Authors:
Paraskevas Koukaras
;
Vasiliki Tsichli
and
Christos Tjortjis
Affiliation:
School of Science and Technology, International Hellenic University, 14th km Thessaloniki–N. Moudania, Thermi, 57001, Thessaloniki, Greece
Keyword(s):
Social Media, Prediction, Machine Learning, Data Science, Stocks.
Abstract:
Microblogging data analysis and sentiment extraction has become a popular approach for market prediction. However, this kind of data contain noise and it is difficult to distinguish truly valid information. In this work we collected 782.459 tweets starting from 2018/11/01 until 2019/31/07. For each day, we create a graph (271 graphs in total) describing users and their followers. We utilize each graph to obtain a PageRank score which is multiplied with sentiment data. Findings indicate that using an importance-based measure, such as PageRank, can improve the scoring ability of the applied prediction models.

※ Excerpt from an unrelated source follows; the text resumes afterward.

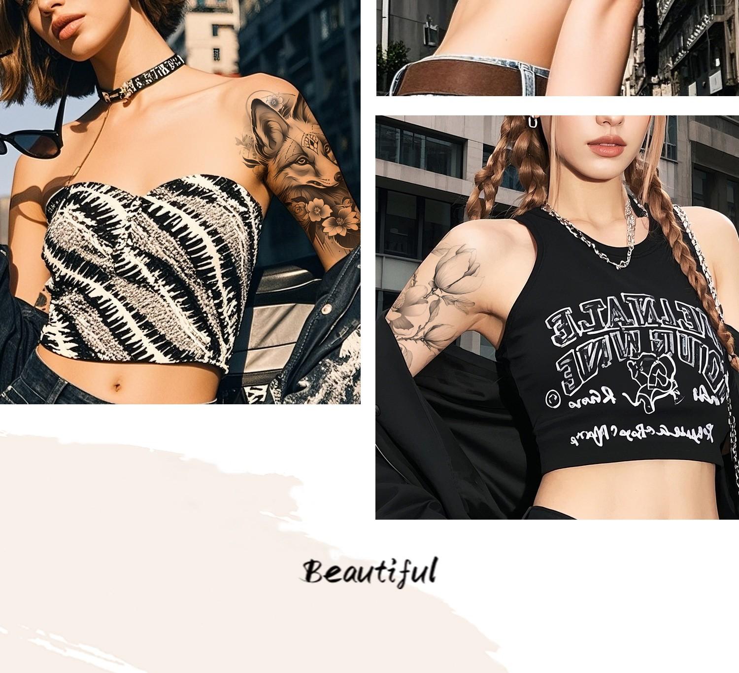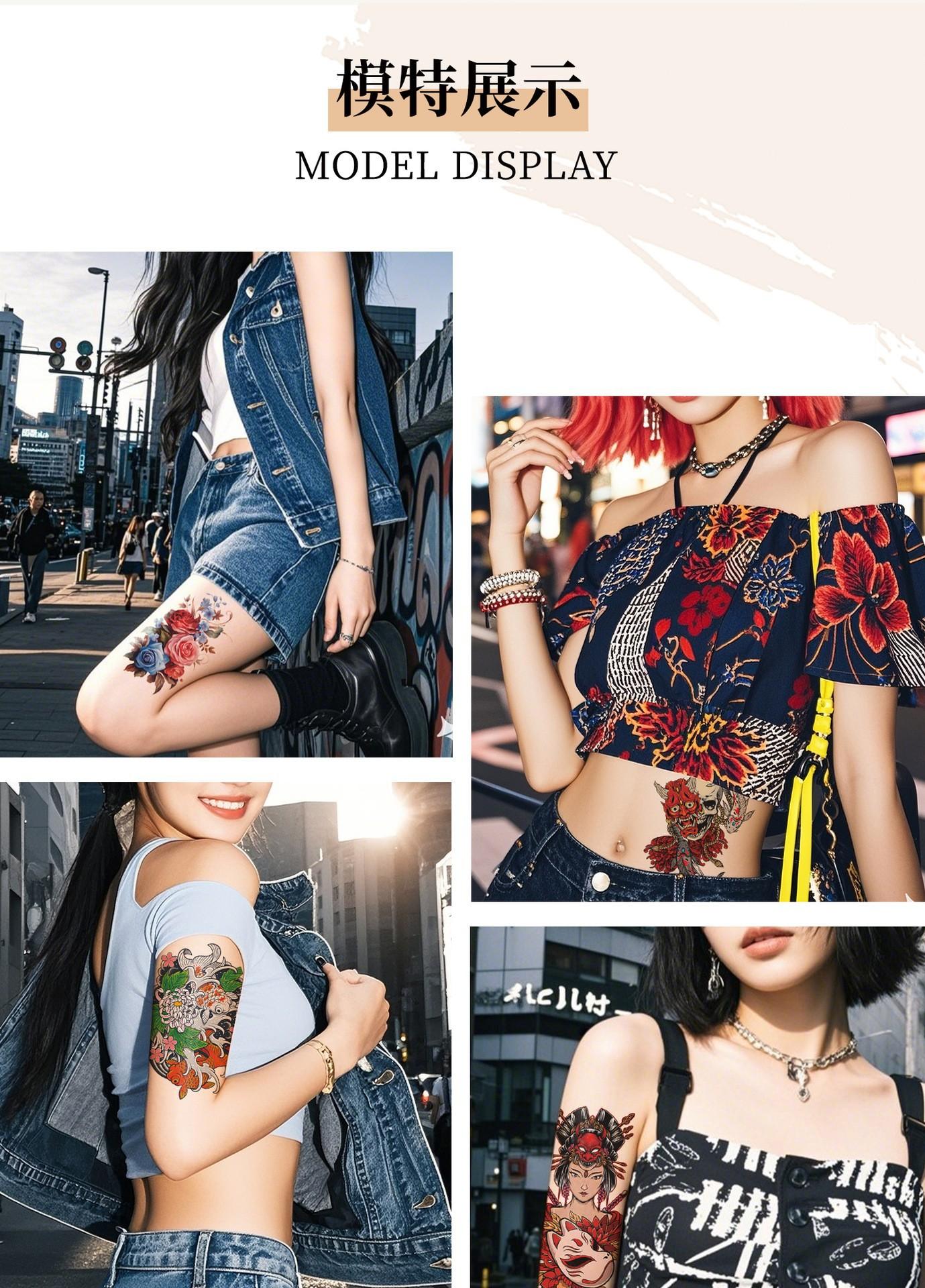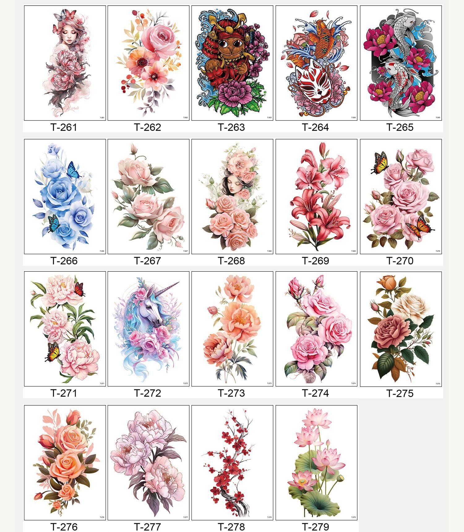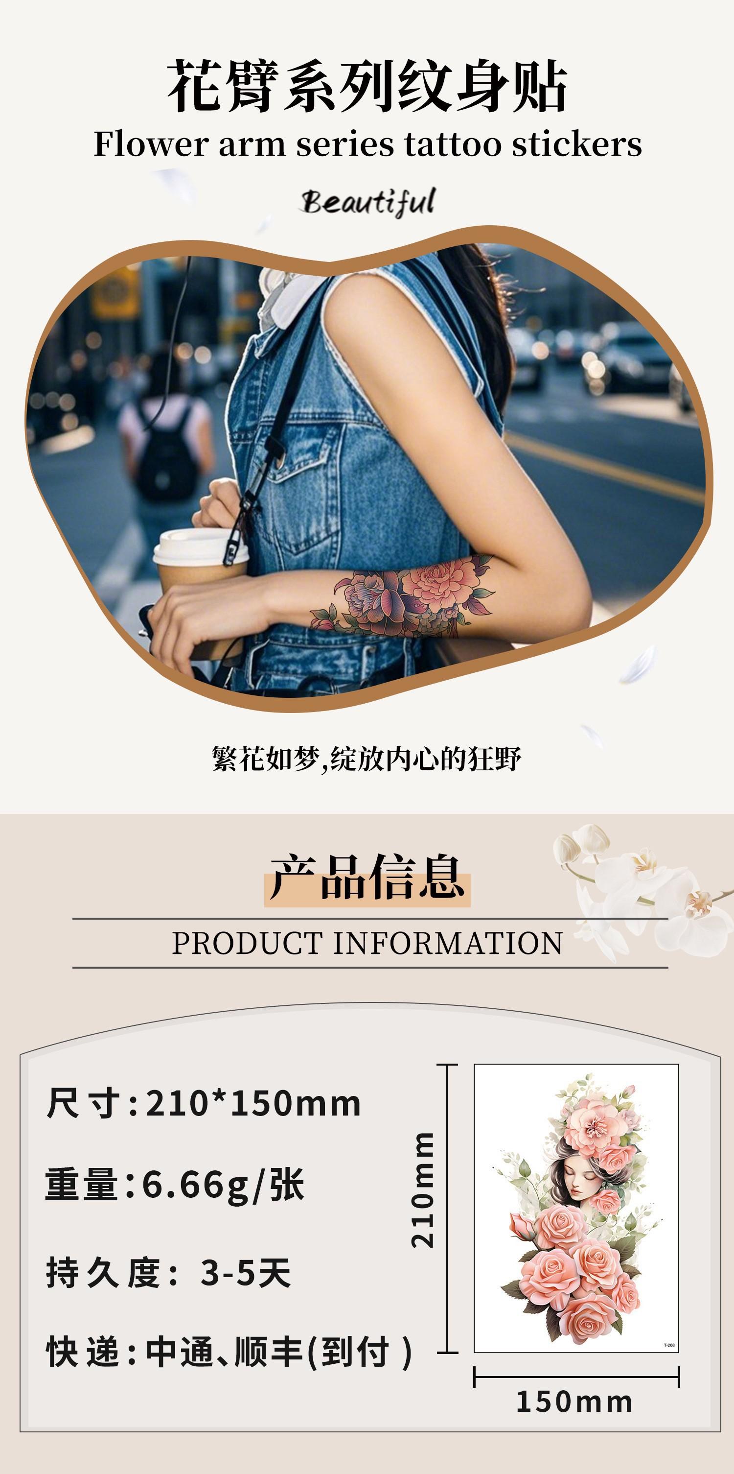 Nuevo Adhesivo de Tatuaje Temporal de Brazo de Flor Transfronterizo Geisha Tótem para siempre Adhesivo de Tatuaje Impermeable Duradero Tatuaje Temporal para Hombres y Mujeres

This approach is validated utilizing three datasets (PageRank, economic and sentiment). On average, the PageRank dataset achieved a lower mean squared error than the economic dataset and the sentiment dataset. Finally, we tested multiple machine learning models, showing that XGBoost is the best model, with the random forest being the second best and LSTM being the worst.